Una clase de violín en una academia privada de Palma. Los dos alumnos tienen tres años: M., castellanohablante, y D., catalanohablante. La profesora, una joven y magnífica instructora. Al principio del curso preguntó a los padres de M. si deseaban que las clases se le diesen al niño en español. "De hecho, yo soy castellanohablante", dijo. Los padres de M. contestaron que les daba igual. La madre agregó que las diese en catalán, que así el niño lo aprendería. "Eso que gana", dijo la madre.
Tres meses después, las clases se han venido desarrollando casi exclusivamente en catalán. Nadie se ha quejado. Hoy la profesora, conforme a su costumbre, canta una canción sencilla para enseñar las notas. Excepcionalmente, lo hace en castellano, pero los padres de M., que como los de D. siempre están presentes durante las clases, ni se dan cuenta de en qué canta la profesora, porque entienden perfectamente ambos idiomas y no están atentos precisamente a este punto, sino al desarrollo de la clase. Cuando concluye la tonada, la profesora se dirige a D. y le dice, con una sonrisa: "A que us agrada aquesta cançó? És en castellà, però no passa res, eh que no?"
Al padre de M. se le escapa un bufido de asombro. La profesora cae en la cuenta y, avergonzada, durante unos segundos no puede levantar la vista del suelo.
Por un momento piensan los padres que tal vez sólo quiso cerciorarse de que D. había entendido la canción; pero nunca había hecho comprobación semejante con M. cuando las canciones eran en catalán. La frase "Es en catalán, pero no pasa nada" es sencillamente impensable. No. Lo que aquí pasa es que la profesora sentía la necesidad de justificar una imperfección. La frase es de la estirpe de aquellas otras que tanto han despreciado siempre los padres de M.: "es bien guapa para ser negra"; "es gitano, pero es buena persona"; "para ser mujer no conduce mal"; "es en castellano, pero no pasa nada".
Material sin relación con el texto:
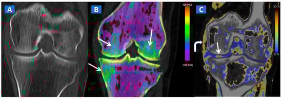 A 65-year-old female with a post-traumatic medial menisci rupture and diffuse BME. On the standard 1 mm reconstructed coronal CT image (A), there are no signs of fracture. On the corresponding 2D 1 mm reconstructed 2D DECT image (B), the BME appears more pronounced on the femoral condyles and on the medial tibial plateau (arrows). By using different color-coding (C), it was possible to identify a rupture of the medial menisci (straight arrow), with thickening and oedema of the medial collateral ligaments (curved arrow).
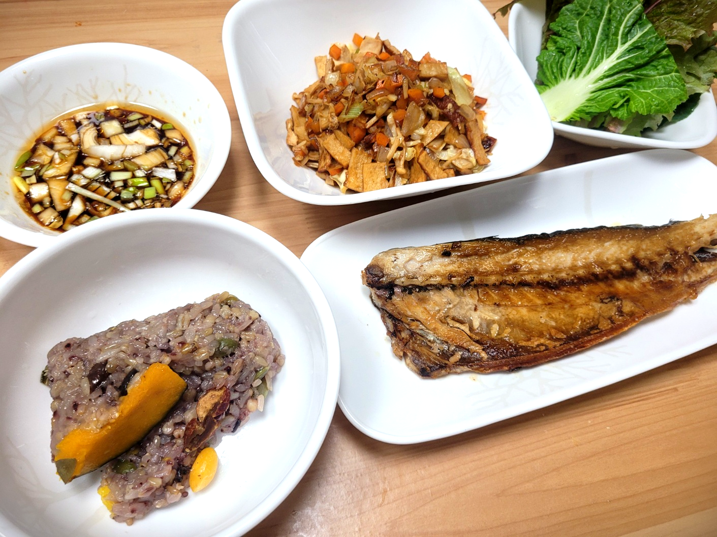 전자레인지로 연잎밥을 찌는 동안 쌈장처럼 먹을 두부에 갖은 야채를 볶아내고, 고등어를 기름종이 덮어 얌전히 구웠다. 혹시 몰라 양념간장도 만들었다. 나중에 아이 주문으로 계란찜도 휘리릭 만들어 곁들였다. 대략 15분 - 20분 걸렸다.
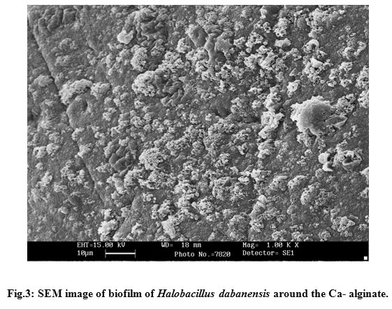 Figure 3: SEM image of biofilm ofHalobacillus dabanensisaround the Ca- alginate. Click here to View figure |
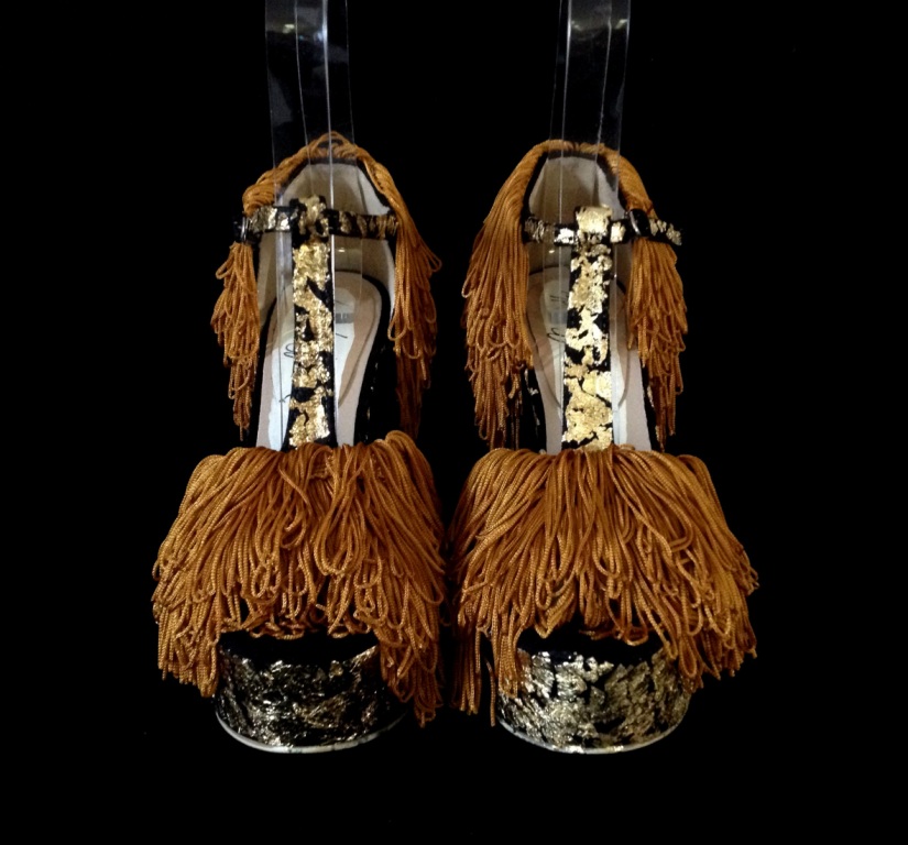 Bastardisation #15, 2014, gringes, studs, gold leaf and spray paint on sandal, size n37 unique piece Published April 1, 2014 at 825 × 768 in #15 Bastardisation Sculpture Shoes Collection Next → Bastardisation #15, 2014, gringes, studs, gold leaf and spray paint on sandal, size n37 unique piece

No es una fanática, la profesora. Es que tenía que justificarse ante D., por mucho que durante tres meses nunca hubiese sentido la necesidad de justificar ante M. que todas las canciones, las explicaciones y las conversaciones fuesen en catalán. La profesora ha estudiado en el sistema educativo de la lengua propia, la inmersión lingüística, la identidad y todas esas zarandajas reaccionarias. Se ha pasado la vida escuchando que la lengua vehicular debe ser una y no otra. Toda la vida le dijeron que lo natural era eso, que lo contrario no dejaba de ser una excrecencia histórica, una imposición foránea, y cuando se descuida le sale el prejuicio a tomar el aire. La profesora no es una fascista; seguramente es sólo otra víctima de una ideología totalitaria. Pero cuando se comporta así hace sentir a los padres de M. como ciudadanos de segunda: portadores de una lengua cuyo uso es necesario justificar.
También es posible que, con el tiempo, esas actitudes consigan que M. se avergüence de su lengua materna. Son las ventajas de la normalización.